Hatcher Pass is one of my favorite hiking areas because of its rugged alpine beauty. I thought it might be a bit early, but I drove up anyway, out of curiosity. The road over the Pass was closed due to heavy snow cover, so I drove as far as the open road went. The entire area was still buried. The trails appeared to be under about 2' of snow, and it was dirty, soft snow at that, not pleasant for walking. Slushy snow was falling. At a slightly lower elevation, it was raining, and signs of spring were everywhere.
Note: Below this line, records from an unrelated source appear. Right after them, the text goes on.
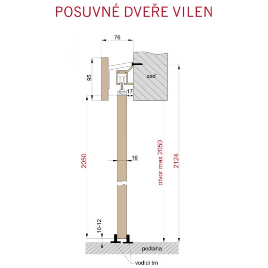 Montáž: Zcela jednoduchá montáž posuvných dveří, kterou zvládne každý kutil, viz přiložený montážní návod. Montáž bez možnosti slepé zárubně, pouze na začištěný stavební otvor s max. výškou 205 cm.
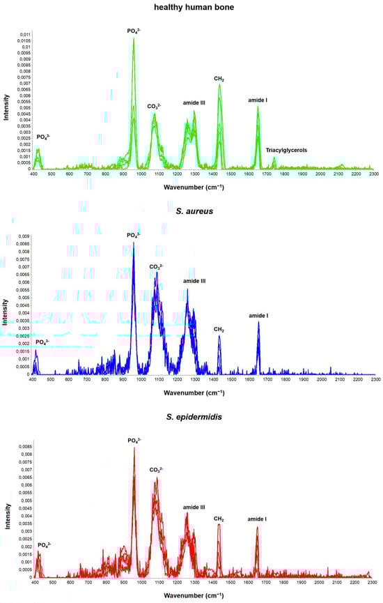 Through an analysis of the Raman spectra, we gained valuable insight into the chemical composition of the bone tissue under examination. In Figure 1, we observe the spectra from five spectra recorded from five different positions of a bone sample devoid of any infection, one contaminated with Staphylococcus aureus, and one infected with Staphylococcus epidermidis—the most prevalent pathogens in osteomyelitis cases.
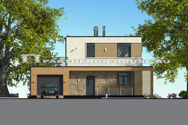 Двухэтажный дом с гаражом и плоской крышей ГБ-146 / 146,32 кв.м
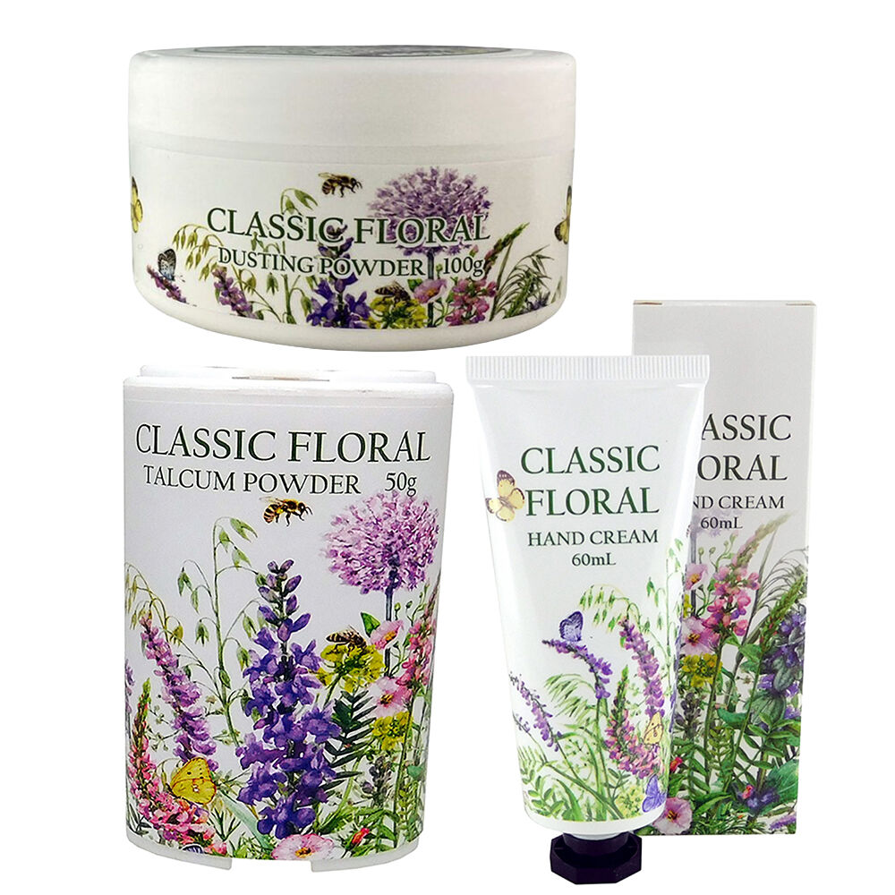 Enjoy timeless elegance and everyday comfort with the Classic Floral Luxury Talcum Powder Hand Cream and Dusting Powder Gift Set, a beautifully coordinated three piece collection designed to leave skin soft smooth and delicately scented. Ideal for daily self care or gifting, this set combines moisture absorbing powders with nourishing hand care infused with a fresh inspiring classic floral fragrance. The luxury talcum powder delivers a silky smooth feel while helping keep skin dry and comfortable, allowing the exotic floral scent to gently envelop the skin. The classic floral hand cream absorbs quickly to nourish and soften hands without leaving a greasy residue, leaving skin smooth refreshed and lightly fragranced. Complete your routine with the classic floral dusting powder, formulated to absorb moisture reduce friction and keep skin feeling fresh comfortable and softly scented throughout the day. Contents:
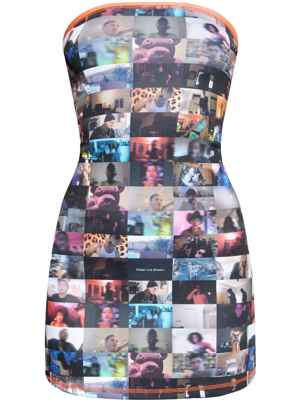 multicolour stretch-design slip-on style contrasting trim photograph print strapless straight hem thigh-length
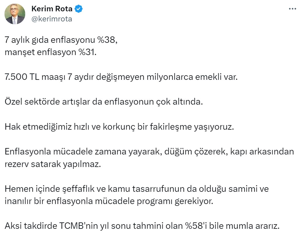 Türkiye İstatistik Kurumu’nun (TÜİK) temmuz ayına ilişkin enflasyon verilerini açıklamasının ardından ekonomistlerden de veriye ilişkin tepkiler gelmeye başladı. İşte TÜİK verilerine ekonomistlerin ilk tepkileri... Enflasyon Araştırma Grubu’nun (ENAG) açıkladığı verilere göre, temmuzda aylık enflasyon yüzde 13,18, yıllık enflasyon ise yüzde 122.88 olurken; TÜİK verilerine göre ise enflasyon aylık yüzde 9,49, yıllık yüzde 47,83 oldu. Aradaki derin makas ise TÜİK verilerine ekonomist ve siyasetçilerin tepki göstermesine sebep oldu. [news_id:702770] Ekonomistlerden gelen ilk tepkiler ise şöyle sıralandı: İris Cibre Prof. Dr. Hayri Kozanoğlu Kerim Rota
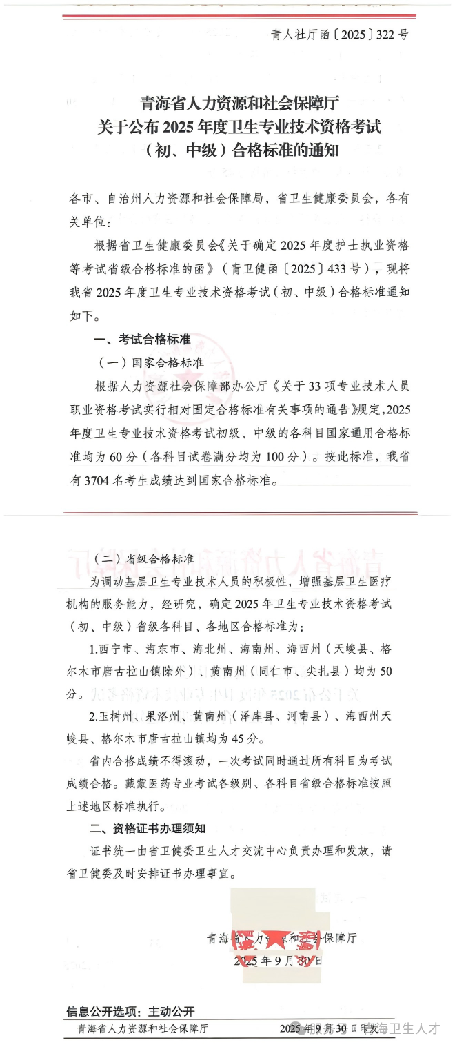 2025年度全國衛(wèi)生專業(yè)技術(shù)資格考試省級合格分數(shù)線已公布,青海省藏蒙醫(yī)藥專業(yè)技術(shù)資格考試參照全國衛(wèi)生專業(yè)技術(shù)資格考試省級合格標準執(zhí)行(后附青人社廳函〔2025〕322號《青海省人力資源和社會保障廳關(guān)于公布2025年度衛(wèi)生專業(yè)技術(shù)資格考試(初、中級)合格標準的通知》),即日起可在青海衛(wèi)生人才微信公眾號“個人入口”開始網(wǎng)上實名注冊(考生上傳個人照片須符合證件照要求)。2025年10月22日上午9:00起,開放線上電子證書(合格人員登記表)下載通道。
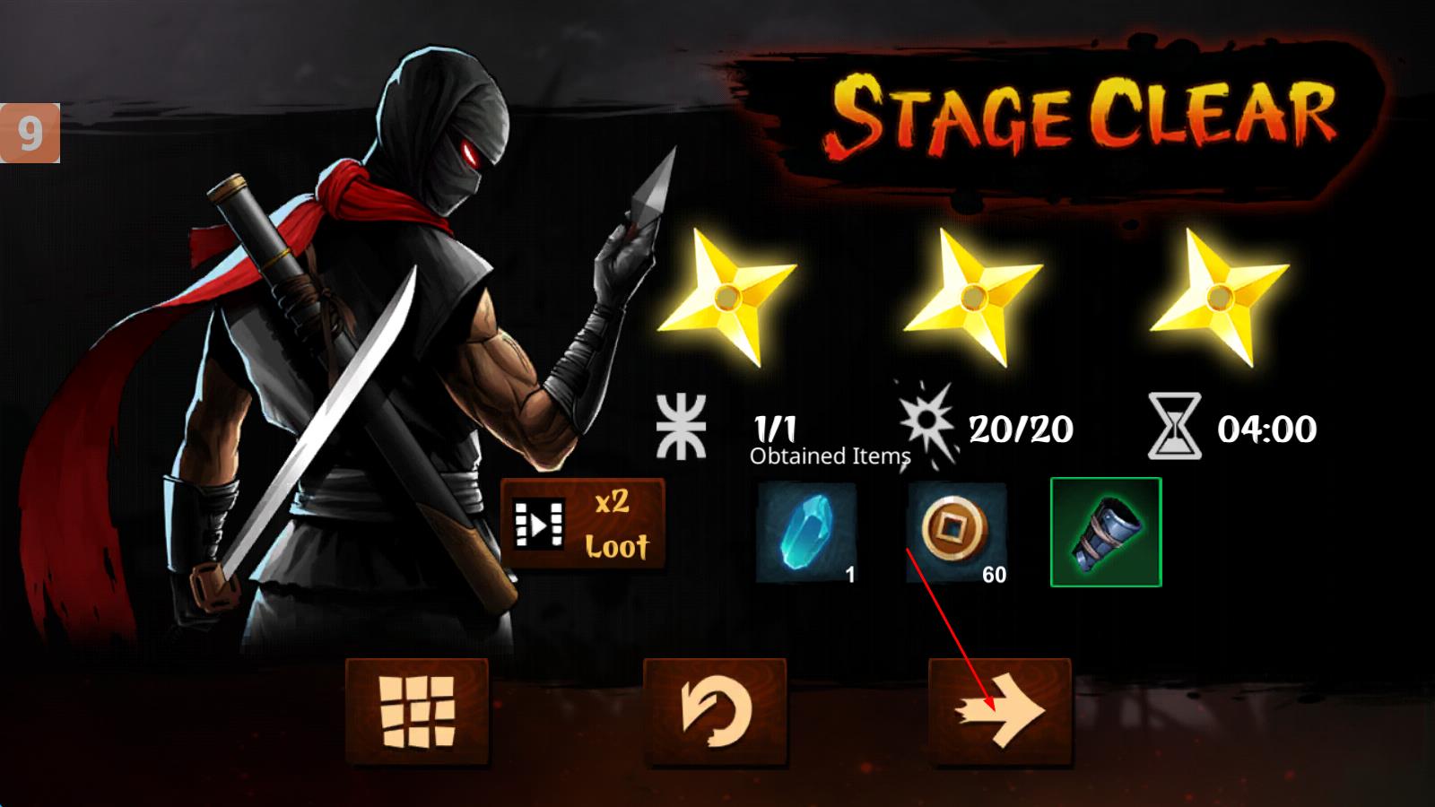 3、成功抵达大鼓并完成关卡任务后,进入结算界面,点击继续箭头,可获取奖励,开启下一段忍者武士的冒险征程。
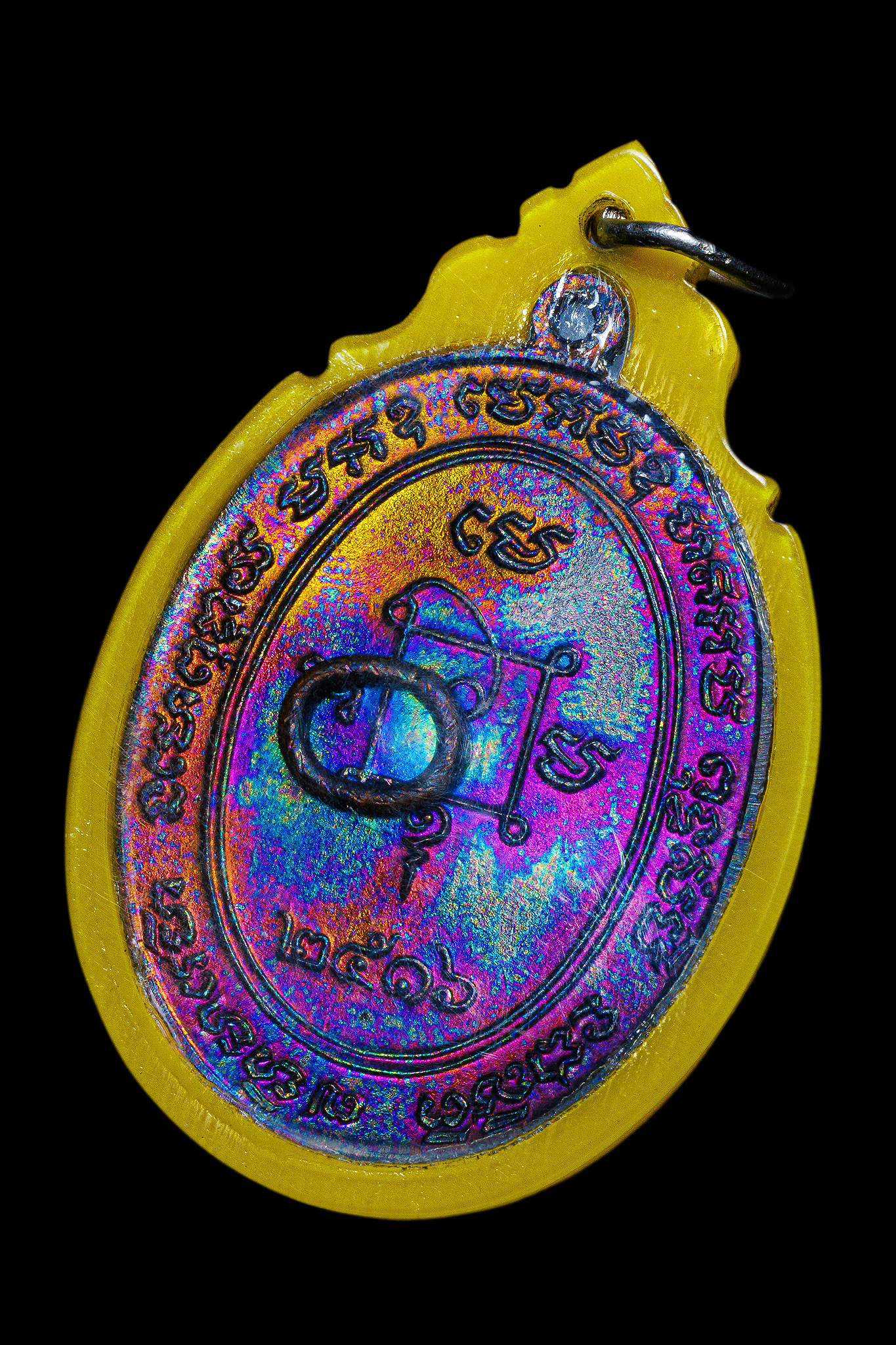 เหรียญนี้จัดเป็นเหรียญที่ผิวสวยมาก รุ้ง หน้า-หลังเหรียญ มาพร้อมเลี่ยมโบราณสุดคลาสสิก
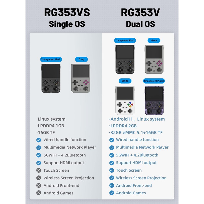 - 【Upgrade RK3566 Chip】RG353VS game console use the RK3566 Quad-Core 64 bit Cortex-A55, Main frequency up to 1.8GHz , which can solve the problem of frame dropping in the game, run the game perfectly, and make your game screen smoother.
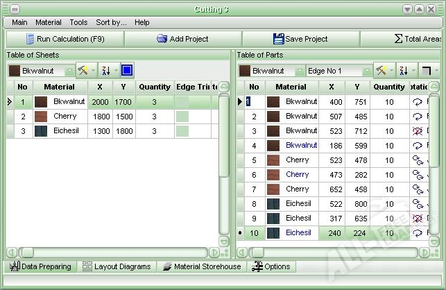 Пользователь может задать необходимое для раскройки количество листов, сохранить проект в собственном формате, а также экспортировать в другие программы. Есть возможность визуализации фактуры материала, а также маркировки кромки и остатков. Утилита позволяет также сохранить реализованный проект в качестве спецификации.

The willows were just beginning to bloom catkins, and there were a few alpine flowers. The five-pedaled yellow blossom in the collage was found there. Further down the road, the sun was shining, flowers and butterflies were abundant. So, on one trip to Hatcher Pass, my dog and I got to take shorts walks in each of three seasons.

Hatcher Pass

Click on any of the five small photos (above) to see larger versions.
Additional Photos:
Arctic "Angel" White Butterfly, nectaring on small alpine flowers
A marblewing, another type of white butterfly, also enjoyed those flowers. Two views: dorsal & ventral
Falls Creek, near Anchorage, taken a day earlier
Sunset view of Anchorage, seen from GlenAlps
Cut-leaf Anemone at GlenAlps, in sunset lighting

Two years ago I started up the Twin Peaks Trail, at the Eklutna State Park, but started wheezing during the steep ascent. I only lasted about half way. This time I was feeling fine and made it to the end of the trail. The trail ends at a cirque from which the Twin Peaks are clearly visible. For some reason the cirque was full of little black biting bugs that flew into my eyes and mouth. Fortunately, I had a bug net in my backpack. This was the only time I've ever resorted to such desperate measures, but it got me comfortably back down to an altitude with normal bug densities. There were lots of flowers and some butterflies along the way. We started out under partly cloudy skies, which turned to heavy overcast, and then light rain on the way down. In spite of the bugs and the rain, it was a fun hike. All the photos in the collage have links to larger versions.

Twin Peaks collage

 Photo Links:
Eklutna Lake, with Prickly Rose in the foreground, seen from Twin Peaks Trail
View of the Twin Peaks, from the end of the Trail
Unknown small white flowers, Stellaria sp maybe?
Little Spring Azure butterfly on Forget-me-nots
Alpine Milk Vetch, Astragalus alpinus
Additional Pix from Twin Peaks Trail
Closeup of Canadian Tiger Swallowtail Butterfly, "puddling" in mud
Another flower I can't identify; this one's pink and pretty

Wow, what a crowd! Even by Flattop Solstice standards, this was one busy mountain trail. If you check out the lower left view in full screen, you'll see what I mean. But the people are not a problem. Everyone is helpful and kind. There is seldom any litter left behind. Pleasant conversations strike up all along the trail, and ease the difficulties of the climb. One of the reasons that the trail was so heavily populated was the harsh wind at the summit. On Summer Solstice, the crowds generally gather at the top. Informal parties spring up. Some people even set up tents and spend the night. There was none of that this year. There were strong winds all along the way, but it was really ripping at the summit. I got there at around sunset, about11:40PM, and turned right around for the descent. It was after midnight when we got back to the parking lot, and it was still not truly dark.

Solstice on Flattop

 For larger photos, click here or on the small pictures above:
Long view of Flattop, with large patch of snow, seen from the trail
Sunset view of Anchorage, seen from the Flattop Trail
Hikers cross a steep, rocky field not far from the summit
"Sleeping Lady" Mt. rests in the distance, while hikers scale Flattop
Lapland Diapensia was found among other tundra flowers along the way

All photographs are the property of the photographer, Mary Hopson.
If you wish to use them in screensavers or webpages, please leave copyright information intact.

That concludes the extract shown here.